Many fungicide programs can give adequate disease control on leaves when applied preventively under low disease pressure. On cones, however, differences among fungicides are substantial. Mid-July through early August is an essential disease management period. The fungicide Quintec (quinoxyfen) and Luna Sensation (fluopyram plus trifloxystrobin) are especially effective during this time and should be utilized in regular rotation when burrs and cones are present.

Fungicide applications alone are not sufficient to manage the disease. Under high disease pressure, mid-season removal of diseased basal foliage delays disease development on leaves and cones. Do not apply desiccant herbicides until bines have grown far enough up the string so that the growing tip will not be damaged and bark has developed. In trials in Washington, removing basal foliage three times with a desiccant herbicide (e.g., AIM) provided more control of powdery mildew than removing it once or twice.

Established yards can tolerate some removal of basal foliage without reducing yield. This practice is not advisable in baby plantings (less than 3 years), and may need to be considered cautiously in some situations with sensitive varieties such as Willamette. The potential for quality defects and yield loss increases with later harvests when powdery mildew is present on cones.

The cultural recommendations above apply to hops produced for conventional commercial markets and those grown under guidelines for organic production. Under the additional constraints imposed by organic production guidelines, particular attention must be paid to selecting disease-resistant varieties. This is the foundation upon which organic production will succeed or fail with respect to the major fungal diseases. Available fungicide options for organic production are minimal and generally mediocre under high disease pressure. Although frequently cited in popular literature, optimal fertilization, soil health and water management alone are inadequate for disease control.
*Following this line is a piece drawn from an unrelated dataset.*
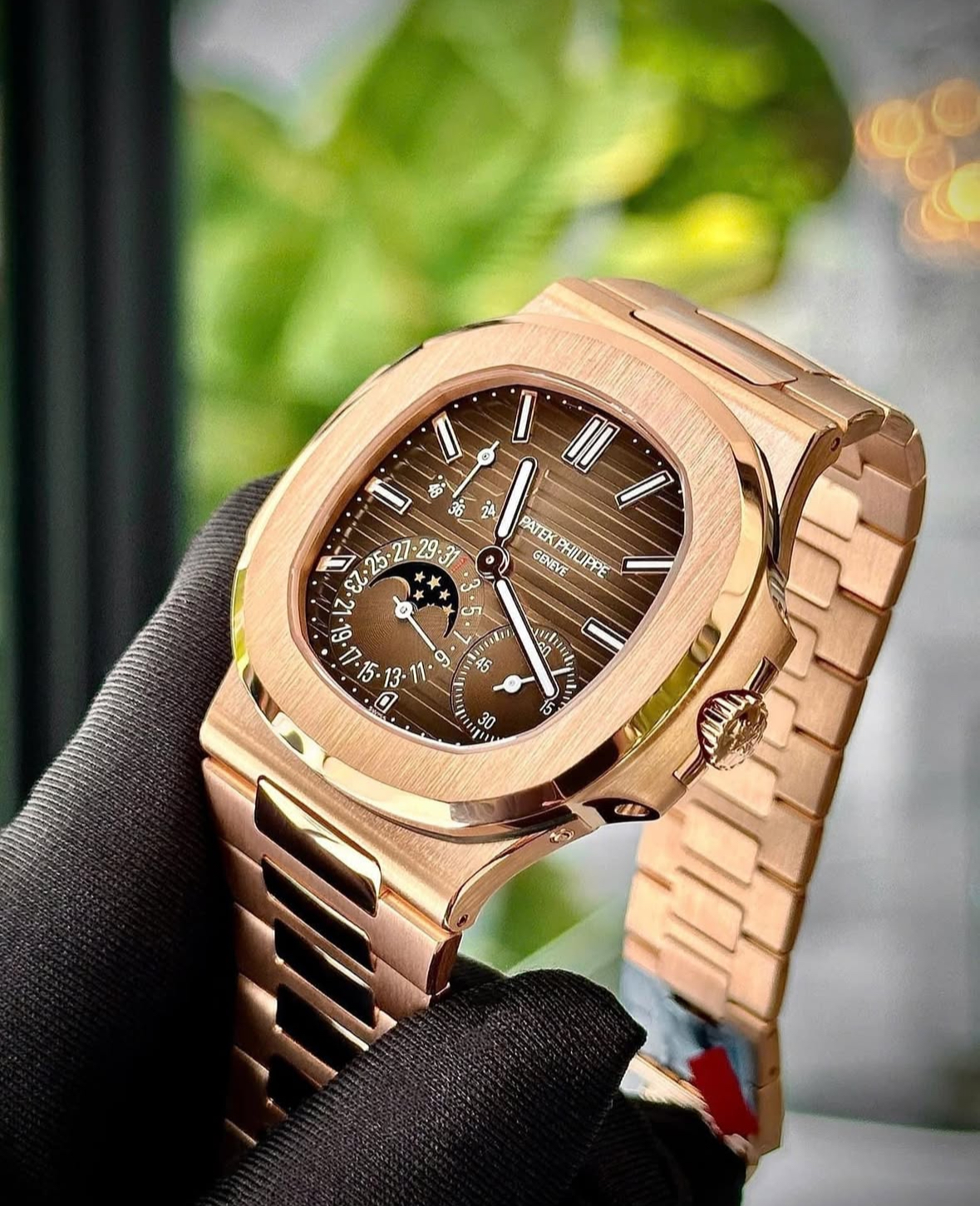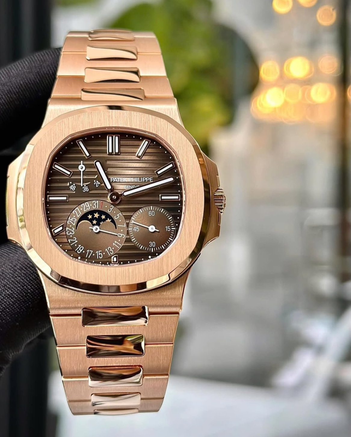 表盘材质:棕色日辉纹表盘,边缘呈黑色渐变效果,水平横纹浮雕图案,覆荧光涂层的金质立体时标、金质时针和分针,覆荧光涂层玫瑰金巴顿式圆头指针

Likewise, biorational compounds, biological controls, manure teas and various botanicals and natural products have shown minimal to no efficacy against this pathogen under moderate to severe disease pressure. Organic producers should consider a sulfur or oil-based fungicides. Sulfur and oil should not be tank mixed due to phytotoxicity issues.

Hop downy mildew

Downy mildew is caused by a fungus-like organism called Pseudoperonospora humuli and is the most significant disease of hop in Michigan, causing significant yield and quality losses. In extreme cases, cones can become infected and the crown may die. Cool and damp conditions during the spring provide ideal growth conditions for the pathogen. Disease severity is dependent on variety, environmental conditions, and management programs.

Disease cycle

The causal agent of downy mildew, Pseudoperonospora humuli, overwinters in dormant buds or crowns and can emerge on infected shoots in early spring. This results in the so-called basal “spike”. Infected crowns can produce uninfected shoots as well, making detection of spikes difficult, particularly on potted baby hop plants that have been cut back.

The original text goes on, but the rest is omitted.